• DATA SUPPLIED
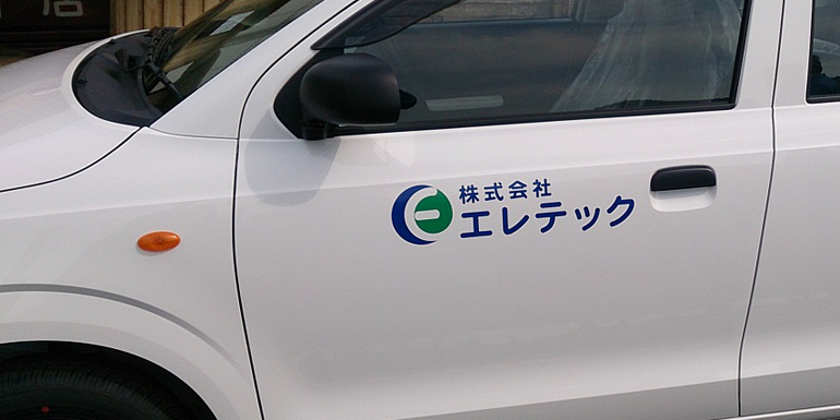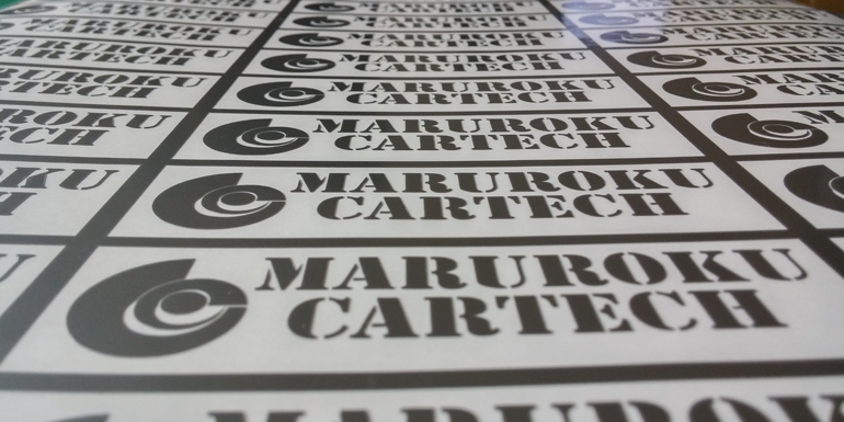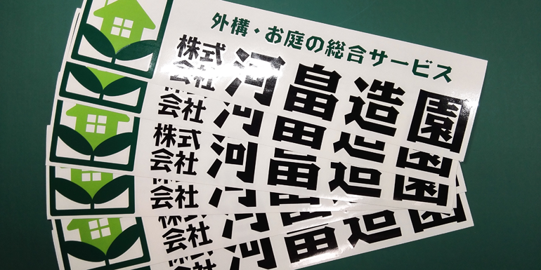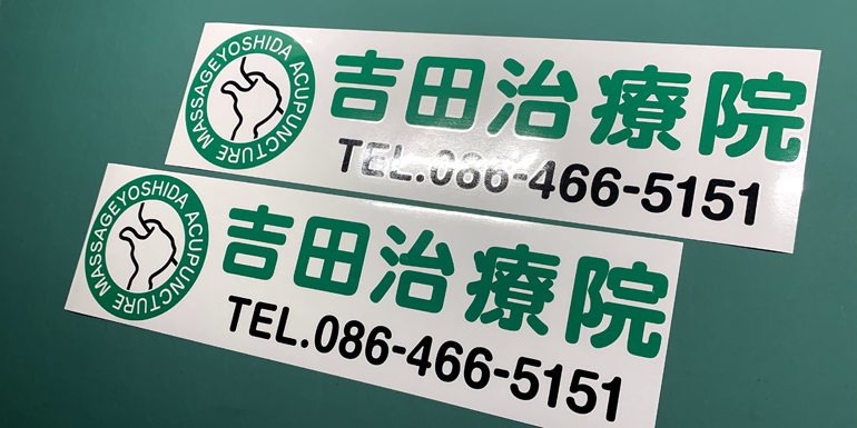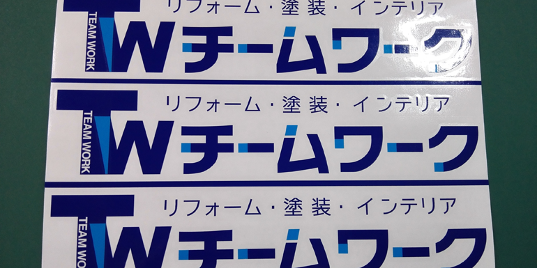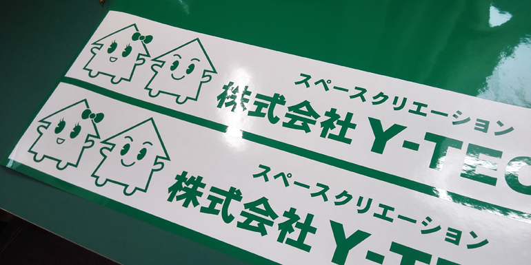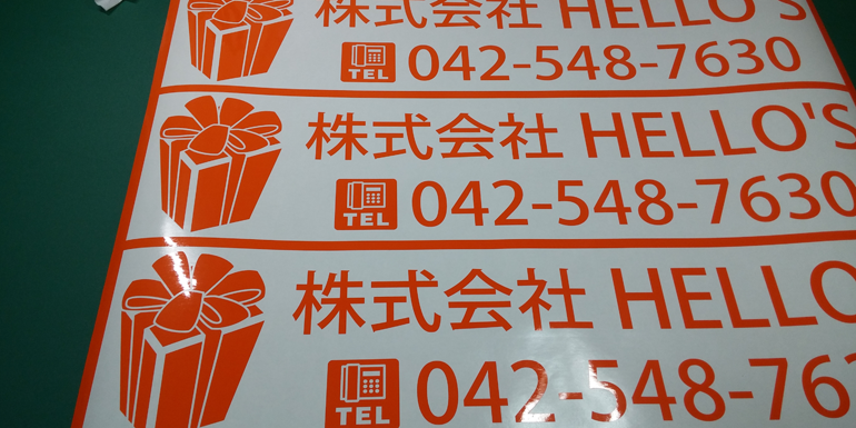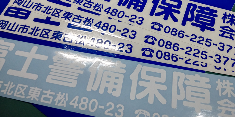 1色仕様:盗難防止の観点からも切り抜きステッカーは有利です。1枚のステッカーだと「ペリッ」と剥がされてしまいますが、このタイプは文字パーツが分割しているので瞬時に剥がす事ができません。
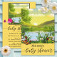 Une élégante invitation au baby shower neutre pour les hommes et les femmes avec une scène paysagère colorée et un soleil brillant. Un bel étang, des fleurs fraîches de printemps et un papillon ajoutent à cette atmosphère joyeuse. Les textes "Baby showers" sont des images de script séparées et peuvent être supprimés si vous préférez des textes personnalisés.
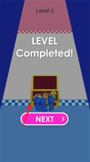 2、推动宝箱到终点红白格线,显示LEVELCompleted!,点击NEXT进入下一关。
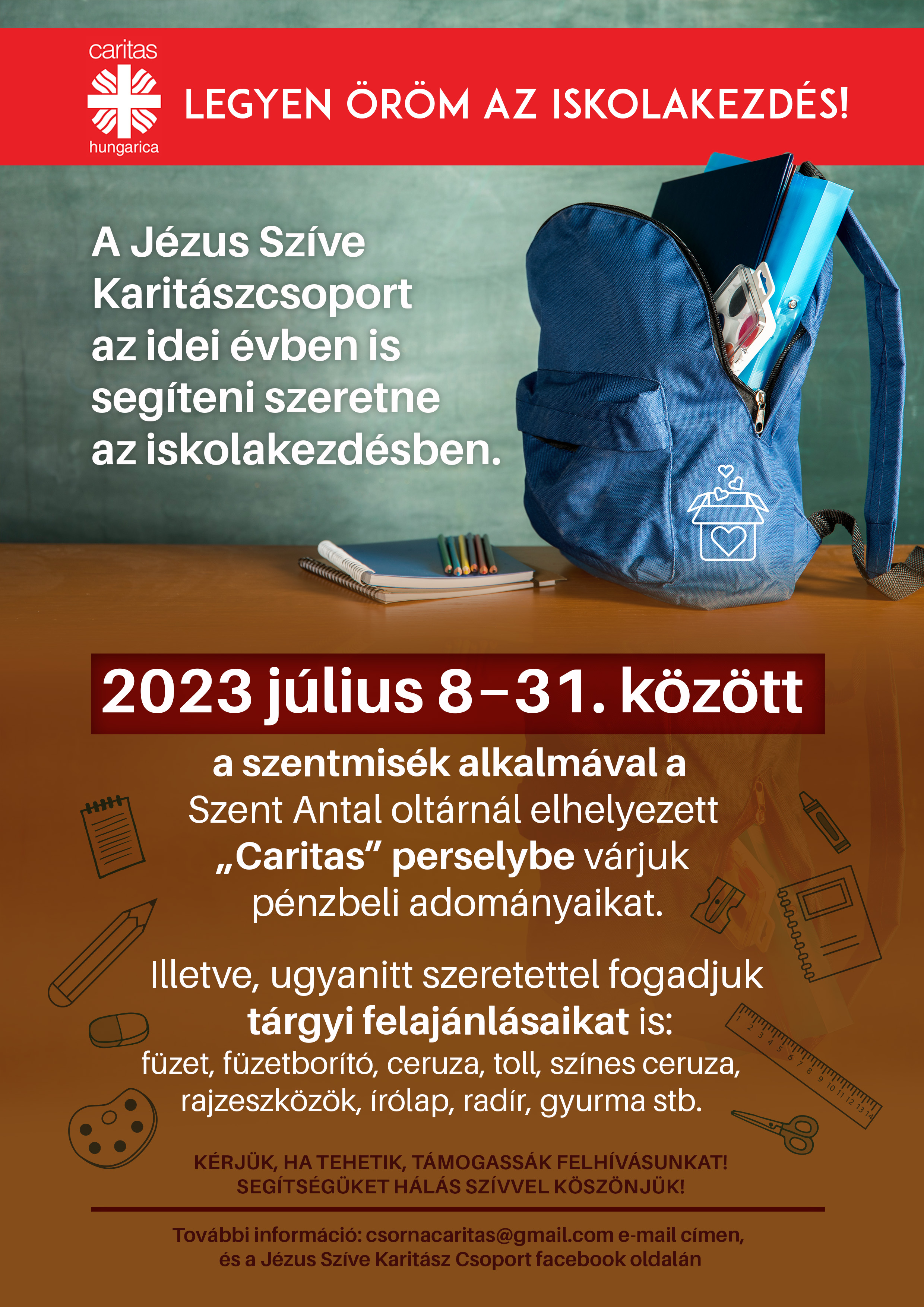 A csornai Jézus Szíve Karitászcsoport idén is segíteni kívánja az iskolakezdésre készülő gyermekeket és családjaikat. 2023. július 8-31. között a szentmisék alkalmával a Szent Antal oltárnál elhelyezett "Caritas" perselyben pénzbeli adományokat várnak, hogy minél több gyermeknek nyújthassanak támogatást az iskolai felszerelés beszerzéséhez.
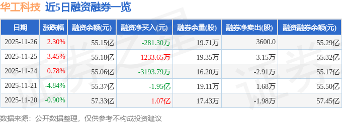 华工科技融资融券信息显示,融资方面,当日融资买入5.44亿元,融资偿还5.47亿元,融资净偿还281.3万元。融券方面,融券卖出3.58万股,融券偿还3.22万股,融券余量19.71万股,融券余额1427.0万元。融资融券余额55.29亿元。
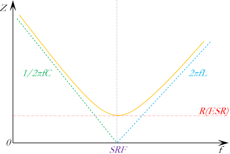 - 谐振频率(2πfL = 1/(2πfC))下,阻抗是由ESR来决定,在自谐振频率处,电路是纯阻性的,ESR成为阻抗的最小值*。*
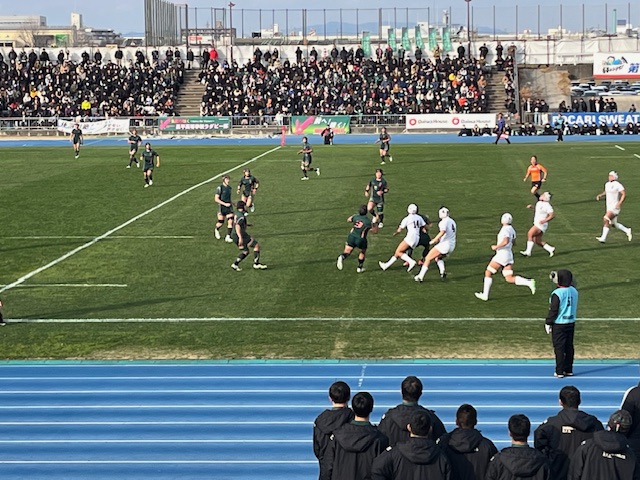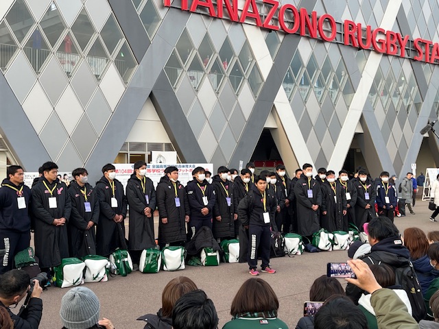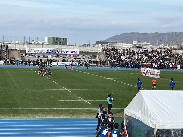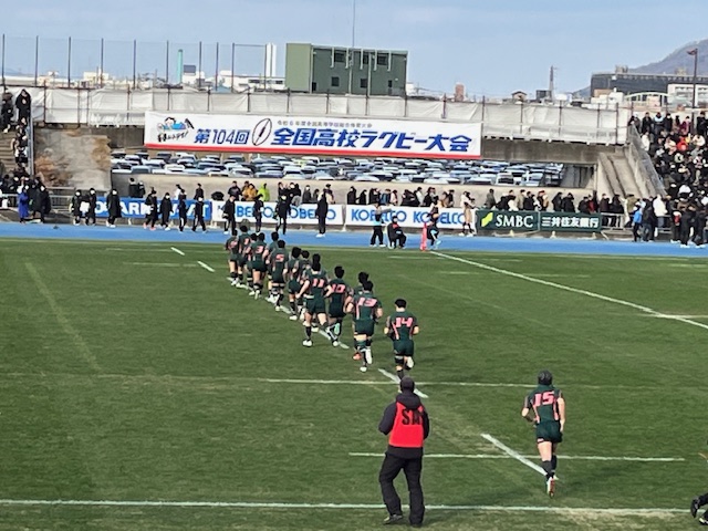今年もあと2日。今日は1回戦を快勝したラグビー部が、2回戦の闘いに挑みました。対戦相手はBシード校の天理高校(奈良県)、3大会連続66回目の出場となる全国大会優勝経験もある伝統校です。平均身長で5cm、平均体重で5kg上回る強豪チームですが、フィジカルでスピードでは本校も負けていません。特に激しいタックルとスクラムの強さは、強豪相手にも一歩もひけをとらないはずです。試合前から緊張感を高めながらも、リラックス下表情の選手たちからは、勝負に挑む強い気持ちが伝わってきました。ウォーミングアップからテンションも高まり、万全の状態で試合開始を迎えました。今日の会場となった第3グランドは、選手の息づかいも聞こえるほど、近くで声援を送ることができました。前評判通りの力強いアタックにも激しいタックルで応戦しました。鍛えてきたスクラムは天理を圧倒し、チーム一丸となったモールは相手を押し込んでいきました。ペナルティーゴールで先制されながらも、堅いディフェンスで得点を押さえていましたが一瞬をつかれて防御網を突破され、前半7分に最初のトライを奪われてしまいました。すぐに追いつきたい本校は、敵陣ゴール前のモールからボールを回して、トライを奪い返し、前半を8対17で折り返しました。後半の巻き返しが期待されましたが、本校のミスも重なり、立て続けにトライを献上してしまいました。スクラムを起点として得点チャンスも何度火ありましたが、なかなか追いつくことができません。最終的には8対36というスコアで試合終了となり、本校の闘いはここまでとなってしまいました。点差は開いてしまいましたが、内容は得点差ほどの開きはなかったように感じました。スクラムやモールをはじめ、全国で通用した部分はたくさんありました。ここからが本当のスタートです。このリベンジを後輩たちに託し、さらに進化したチームへと成長していって欲しいと思います。最後の最後まであきらめずに闘う姿勢を見せてくれた選手たちを本当に誇りに思います。選手の皆さん、熱い闘いをありがとうございました!花園まで駆けつけてくれた多くの保護者の皆様、応援ありがとうございました!Go EAGLES!
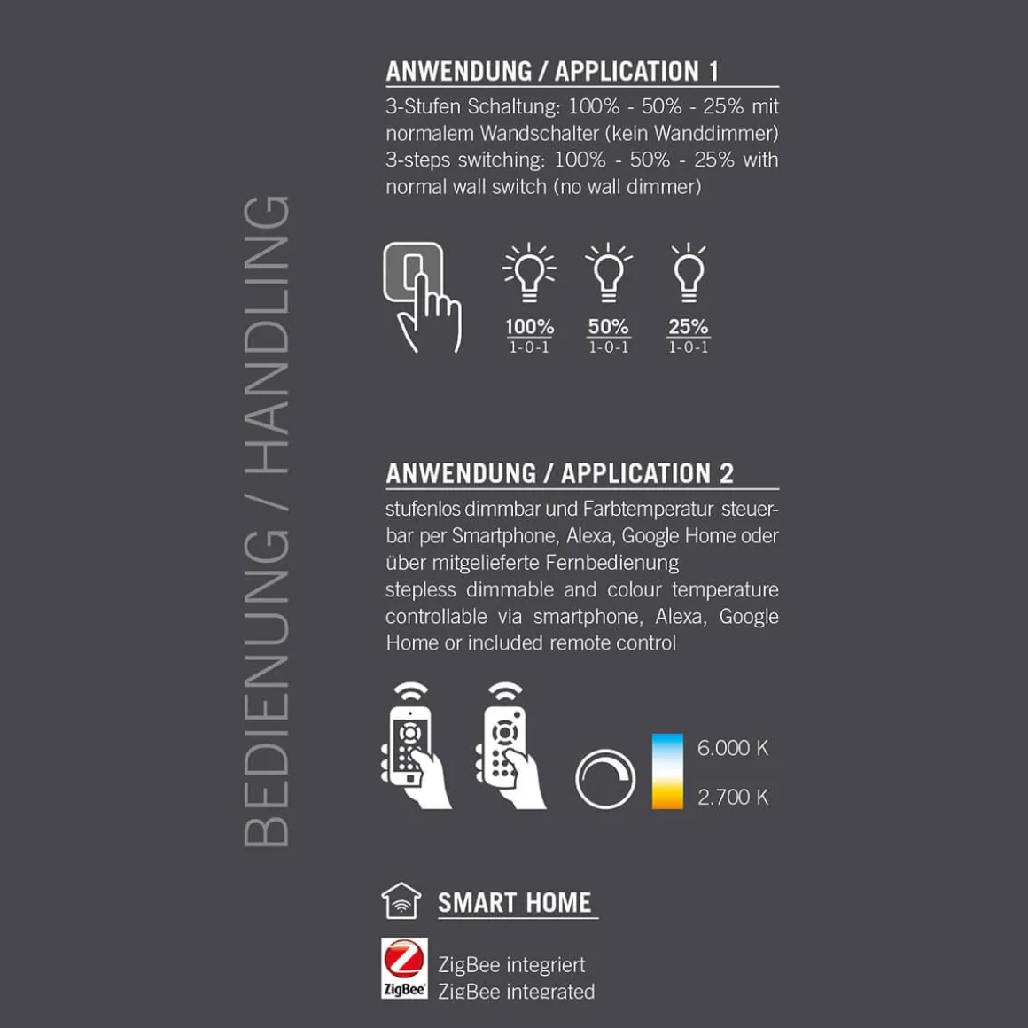 Zusätzlich zur stufenlosen Dimmfunktion lässt sich die Athos LED in ihrer Lichtfarbe variieren: von warmweißen, gemütlichen 2.700 Kelvin bis hin zu tageslichtähnlichen, kaltweißen 6.000 Kelvin. Hierdurch eignet sich die besonders für den Einsatz in Wohnräumen, Schlafzimmern und Fluren, wo eine funktionale und flexible Beleuchtung gefragt ist. Eine Montage durch Fachpersonal wird empfohlen, um die volle Funktionsfähigkeit des ZigBee-Moduls zu gewährleisten.

• EXERCISE
Range to print from the listing above: from the line with "Une élégante invitation" up to and including the line with "A csornai Jézus". Please print those lines exactly, with no pictures and nothing more.

• RESPONSE FOR THIS EXERCISE
 Une élégante invitation au baby shower neutre pour les hommes et les femmes avec une scène paysagère colorée et un soleil brillant. Un bel étang, des fleurs fraîches de printemps et un papillon ajoutent à cette atmosphère joyeuse. Les textes "Baby showers" sont des images de script séparées et peuvent être supprimés si vous préférez des textes personnalisés.
 2、推动宝箱到终点红白格线,显示LEVELCompleted!,点击NEXT进入下一关。
 A csornai Jézus Szíve Karitászcsoport idén is segíteni kívánja az iskolakezdésre készülő gyermekeket és családjaikat. 2023. július 8-31. között a szentmisék alkalmával a Szent Antal oltárnál elhelyezett "Caritas" perselyben pénzbeli adományokat várnak, hogy minél több gyermeknek nyújthassanak támogatást az iskolai felszerelés beszerzéséhez.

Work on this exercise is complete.